_Records contained in a dataset_:
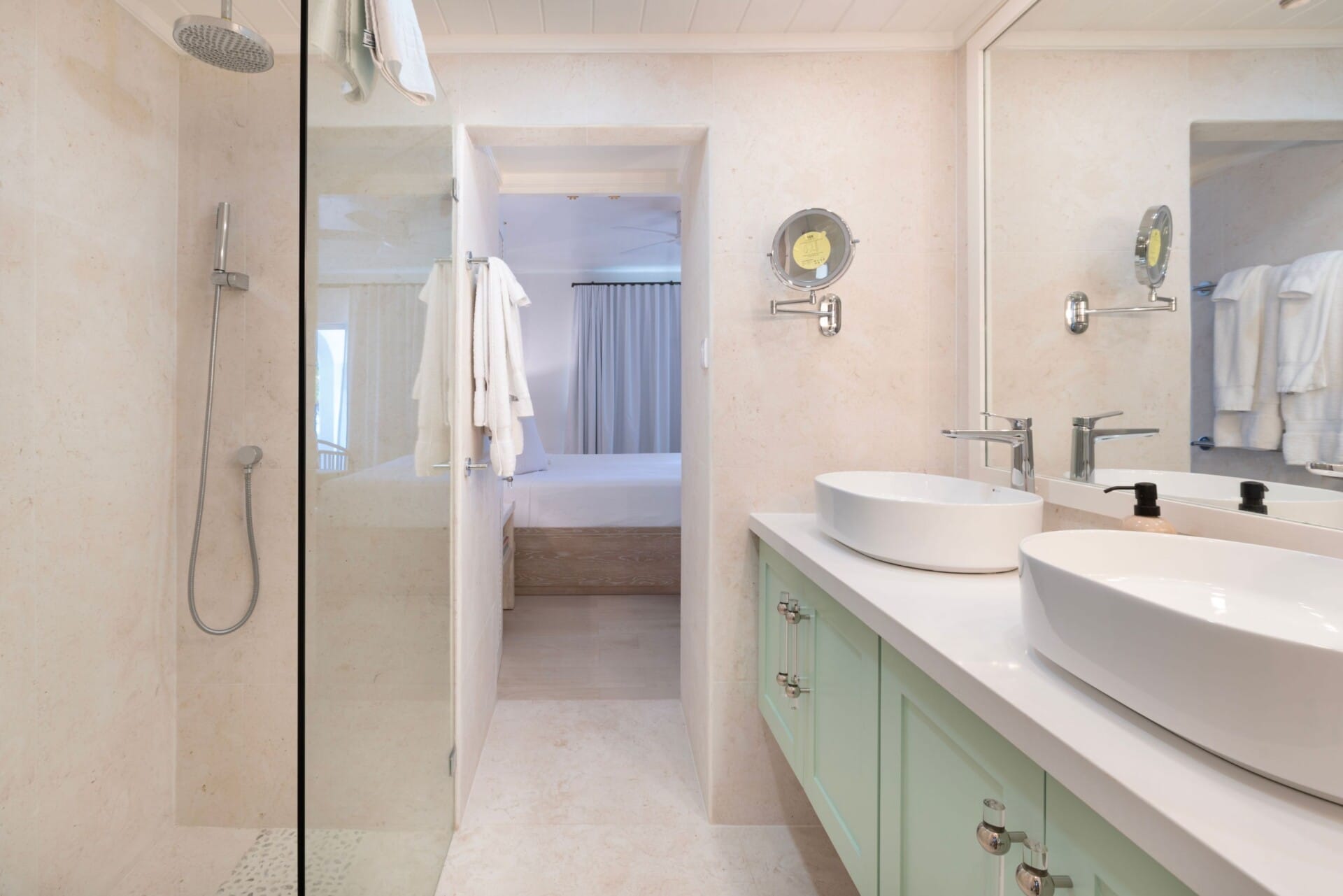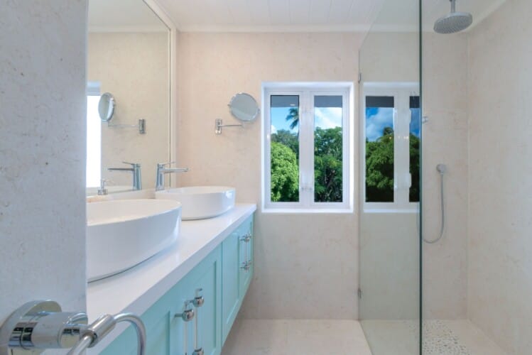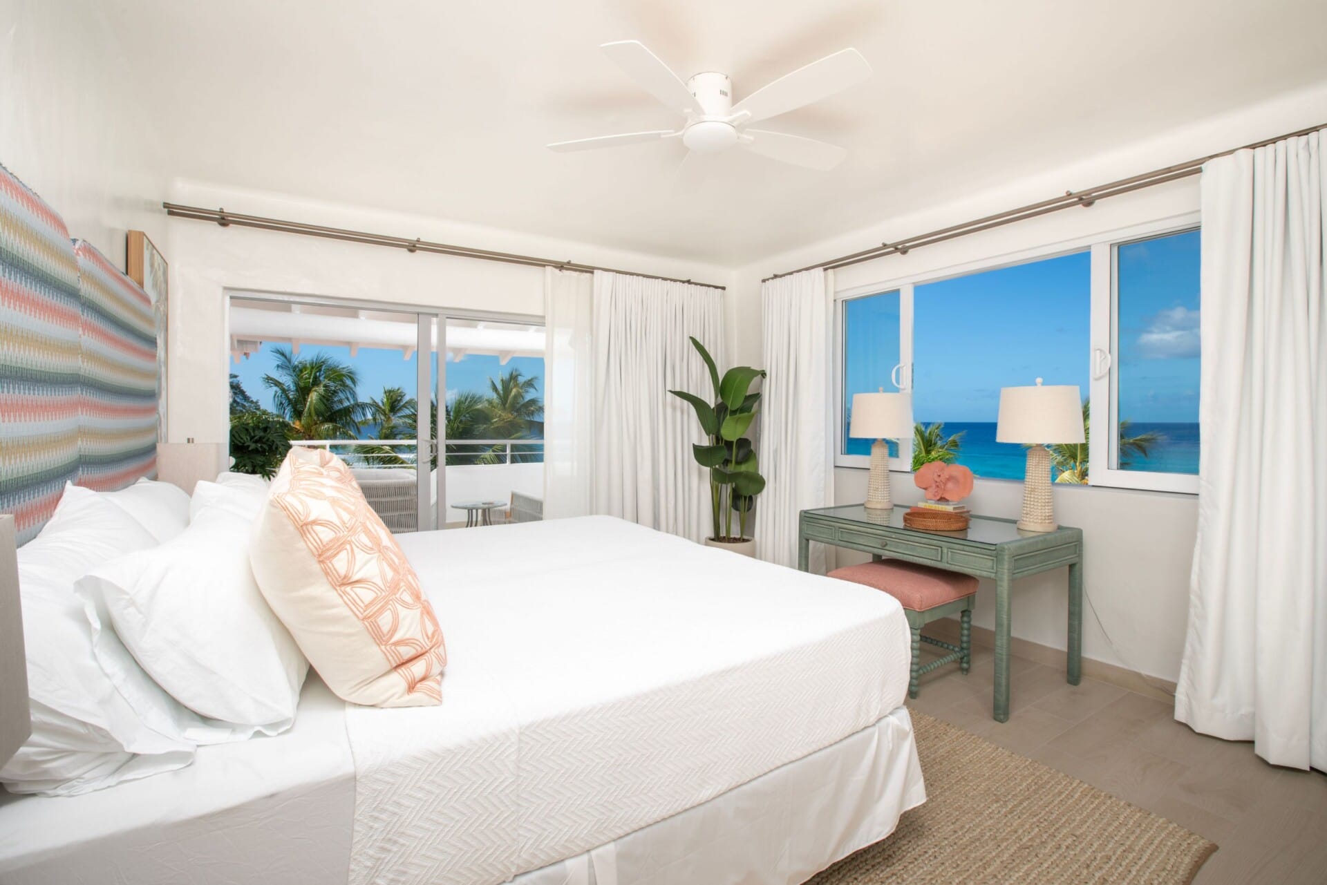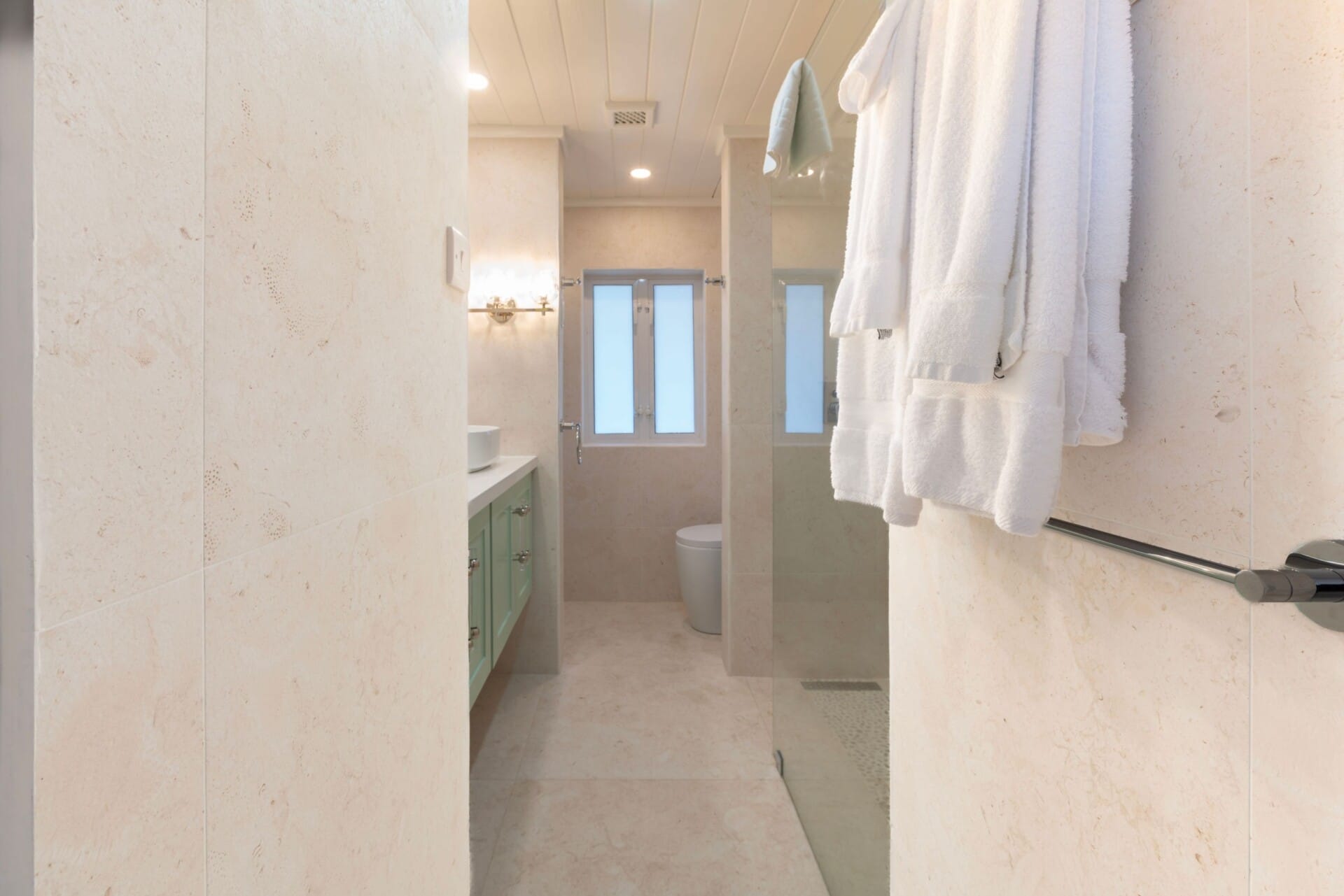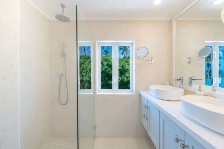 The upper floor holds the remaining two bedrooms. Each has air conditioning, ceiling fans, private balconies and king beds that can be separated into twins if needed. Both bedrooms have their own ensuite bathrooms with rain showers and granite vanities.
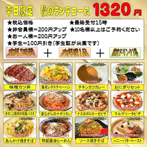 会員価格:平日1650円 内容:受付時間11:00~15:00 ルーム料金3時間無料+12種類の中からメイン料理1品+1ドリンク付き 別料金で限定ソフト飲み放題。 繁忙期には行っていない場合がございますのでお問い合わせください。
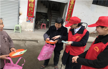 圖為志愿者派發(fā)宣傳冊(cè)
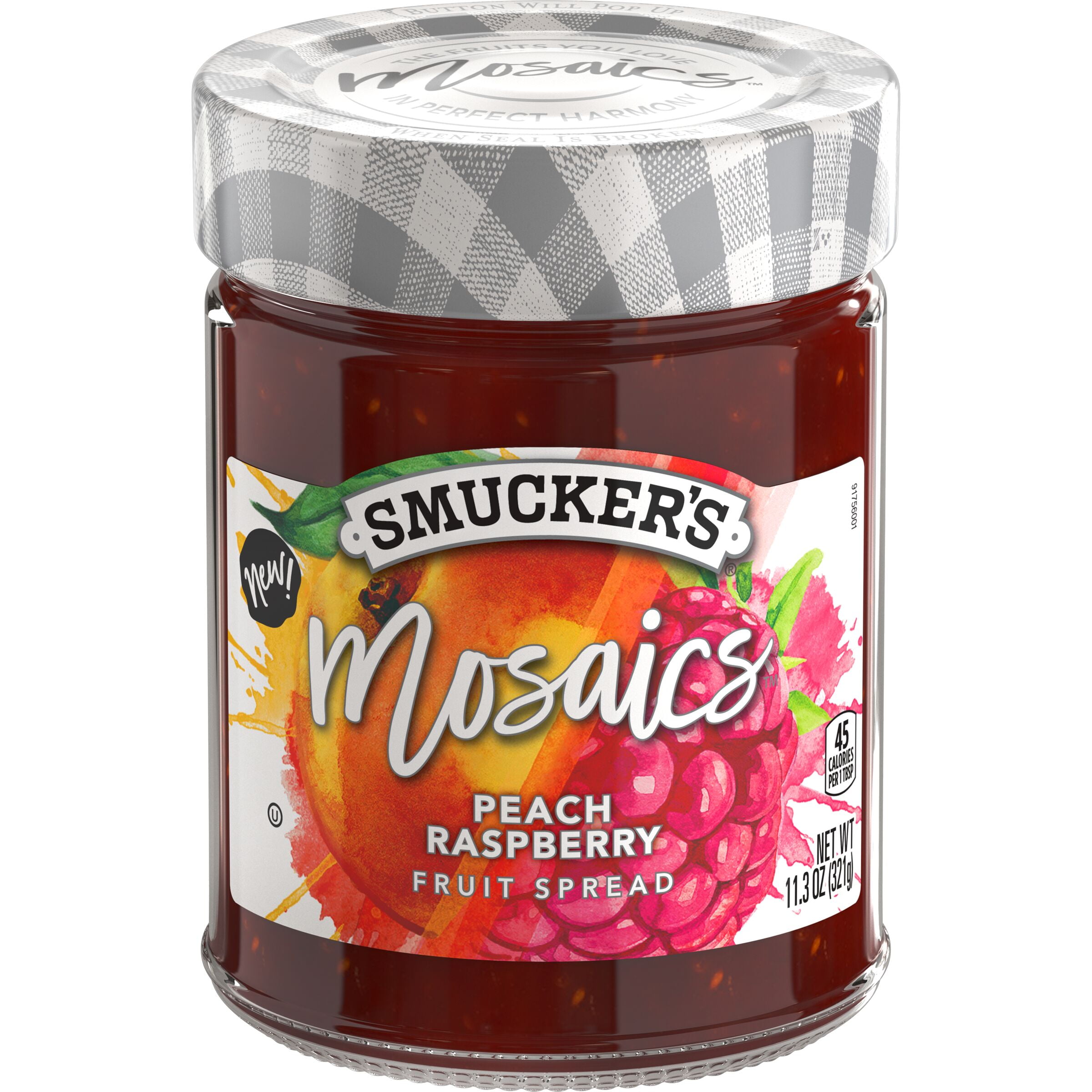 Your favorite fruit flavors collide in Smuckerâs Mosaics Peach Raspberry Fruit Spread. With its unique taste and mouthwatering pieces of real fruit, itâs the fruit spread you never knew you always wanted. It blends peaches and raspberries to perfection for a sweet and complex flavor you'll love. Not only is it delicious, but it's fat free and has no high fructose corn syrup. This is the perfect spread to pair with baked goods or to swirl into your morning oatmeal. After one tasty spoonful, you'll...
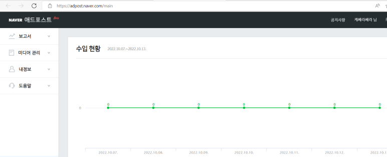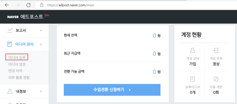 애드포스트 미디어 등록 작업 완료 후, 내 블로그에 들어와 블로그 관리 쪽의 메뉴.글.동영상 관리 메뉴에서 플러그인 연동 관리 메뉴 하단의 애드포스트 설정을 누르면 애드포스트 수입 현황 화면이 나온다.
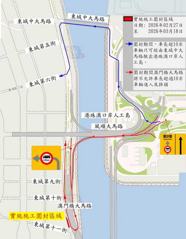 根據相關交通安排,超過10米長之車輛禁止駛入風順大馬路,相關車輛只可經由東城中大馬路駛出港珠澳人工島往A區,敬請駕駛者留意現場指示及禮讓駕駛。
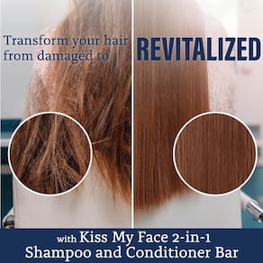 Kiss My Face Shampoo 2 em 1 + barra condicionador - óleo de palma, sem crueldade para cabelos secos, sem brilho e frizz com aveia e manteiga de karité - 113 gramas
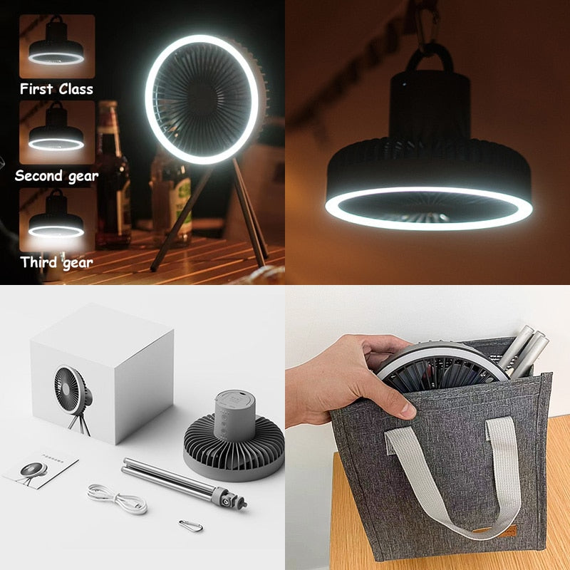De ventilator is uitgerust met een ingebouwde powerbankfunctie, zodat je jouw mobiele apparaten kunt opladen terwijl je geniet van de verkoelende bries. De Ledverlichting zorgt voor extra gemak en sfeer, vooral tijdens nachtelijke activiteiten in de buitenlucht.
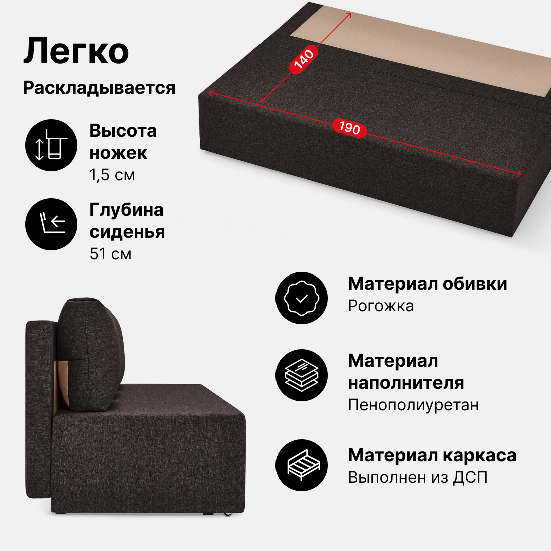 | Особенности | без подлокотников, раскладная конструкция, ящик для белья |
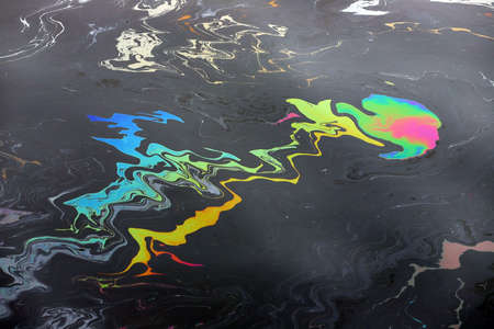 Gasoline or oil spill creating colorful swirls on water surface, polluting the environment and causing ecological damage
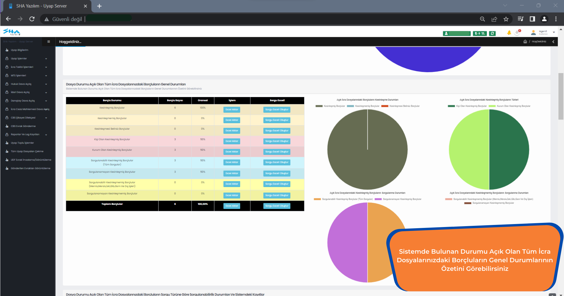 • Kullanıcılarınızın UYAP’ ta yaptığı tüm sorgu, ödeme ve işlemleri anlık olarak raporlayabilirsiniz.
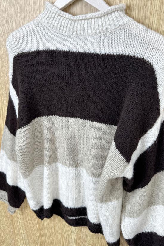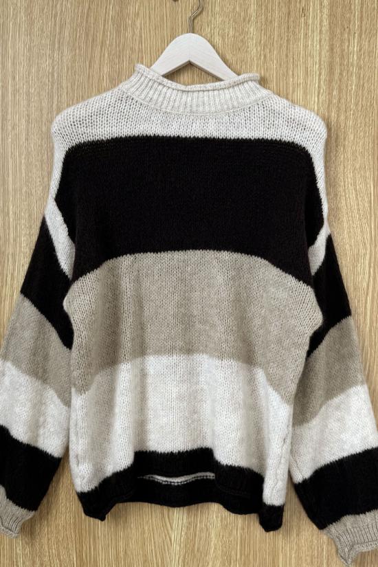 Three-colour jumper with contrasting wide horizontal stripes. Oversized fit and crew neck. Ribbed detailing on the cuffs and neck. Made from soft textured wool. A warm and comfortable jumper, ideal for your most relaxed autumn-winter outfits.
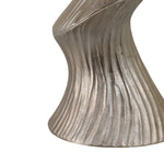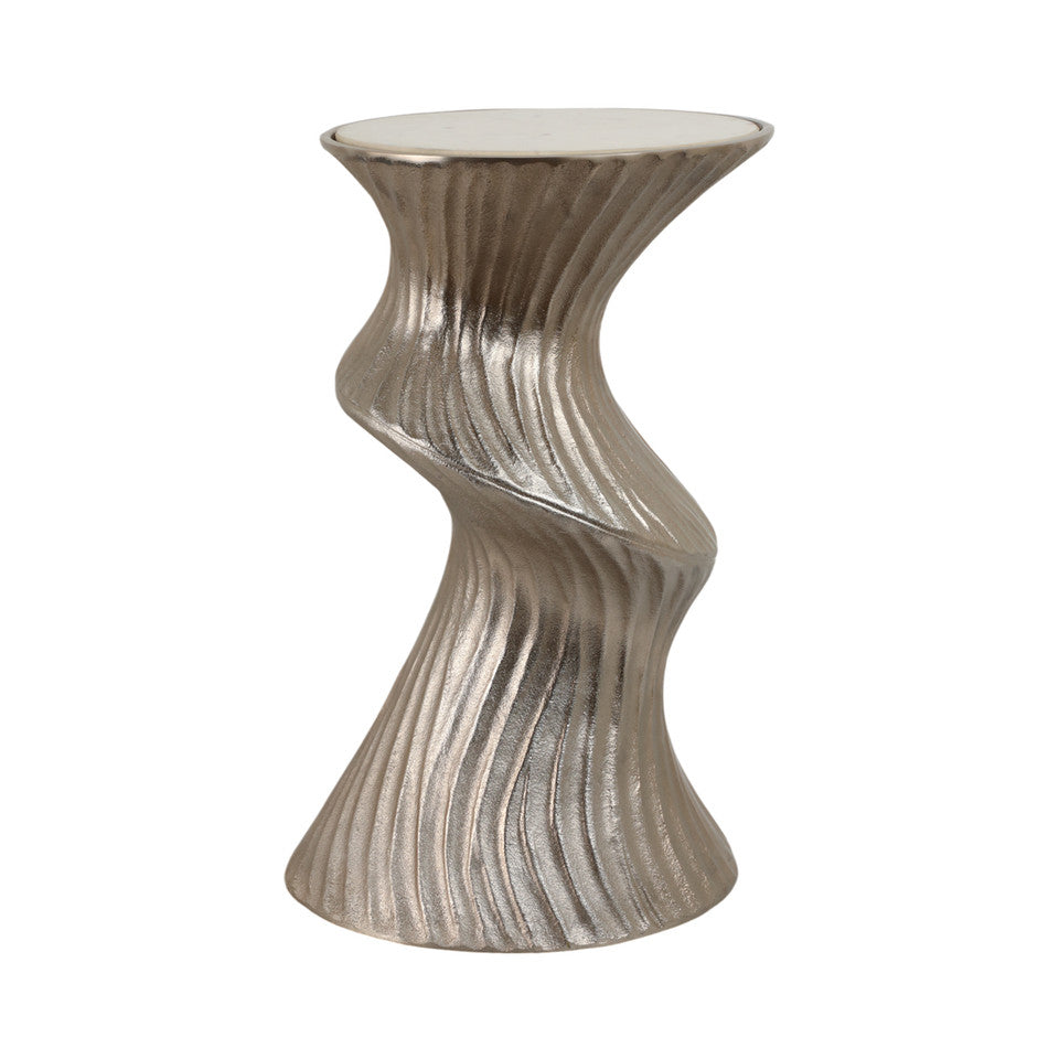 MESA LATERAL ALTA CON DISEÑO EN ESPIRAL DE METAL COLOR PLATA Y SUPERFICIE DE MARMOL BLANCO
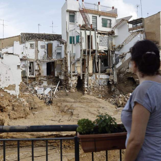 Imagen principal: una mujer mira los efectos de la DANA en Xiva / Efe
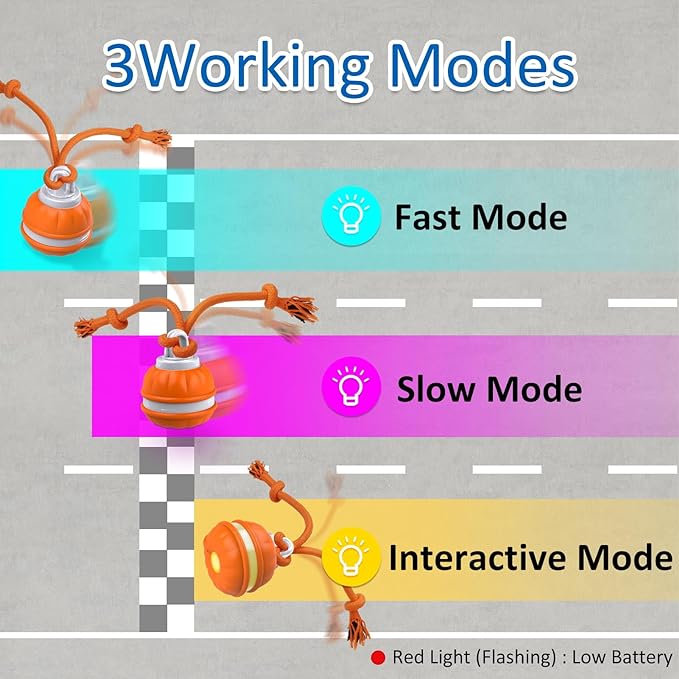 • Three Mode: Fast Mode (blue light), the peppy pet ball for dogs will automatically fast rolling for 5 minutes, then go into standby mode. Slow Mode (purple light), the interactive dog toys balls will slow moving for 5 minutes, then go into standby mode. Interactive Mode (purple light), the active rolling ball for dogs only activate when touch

_TASK REQUIREMENTS_:
Your reply should hold nothing but the lines above, from the one containing "圖為志愿者派發(fā)宣傳冊(cè)" to the one containing "De ventilator is", reproduced exactly minus the pictures.

_ANSWER TO THE PROBLEM_:
 圖為志愿者派發(fā)宣傳冊(cè)
 Your favorite fruit flavors collide in Smuckerâs Mosaics Peach Raspberry Fruit Spread. With its unique taste and mouthwatering pieces of real fruit, itâs the fruit spread you never knew you always wanted. It blends peaches and raspberries to perfection for a sweet and complex flavor you'll love. Not only is it delicious, but it's fat free and has no high fructose corn syrup. This is the perfect spread to pair with baked goods or to swirl into your morning oatmeal. After one tasty spoonful, you'll...
 애드포스트 미디어 등록 작업 완료 후, 내 블로그에 들어와 블로그 관리 쪽의 메뉴.글.동영상 관리 메뉴에서 플러그인 연동 관리 메뉴 하단의 애드포스트 설정을 누르면 애드포스트 수입 현황 화면이 나온다.
 根據相關交通安排,超過10米長之車輛禁止駛入風順大馬路,相關車輛只可經由東城中大馬路駛出港珠澳人工島往A區,敬請駕駛者留意現場指示及禮讓駕駛。
 Kiss My Face Shampoo 2 em 1 + barra condicionador - óleo de palma, sem crueldade para cabelos secos, sem brilho e frizz com aveia e manteiga de karité - 113 gramas
De ventilator is uitgerust met een ingebouwde powerbankfunctie, zodat je jouw mobiele apparaten kunt opladen terwijl je geniet van de verkoelende bries. De Ledverlichting zorgt voor extra gemak en sfeer, vooral tijdens nachtelijke activiteiten in de buitenlucht.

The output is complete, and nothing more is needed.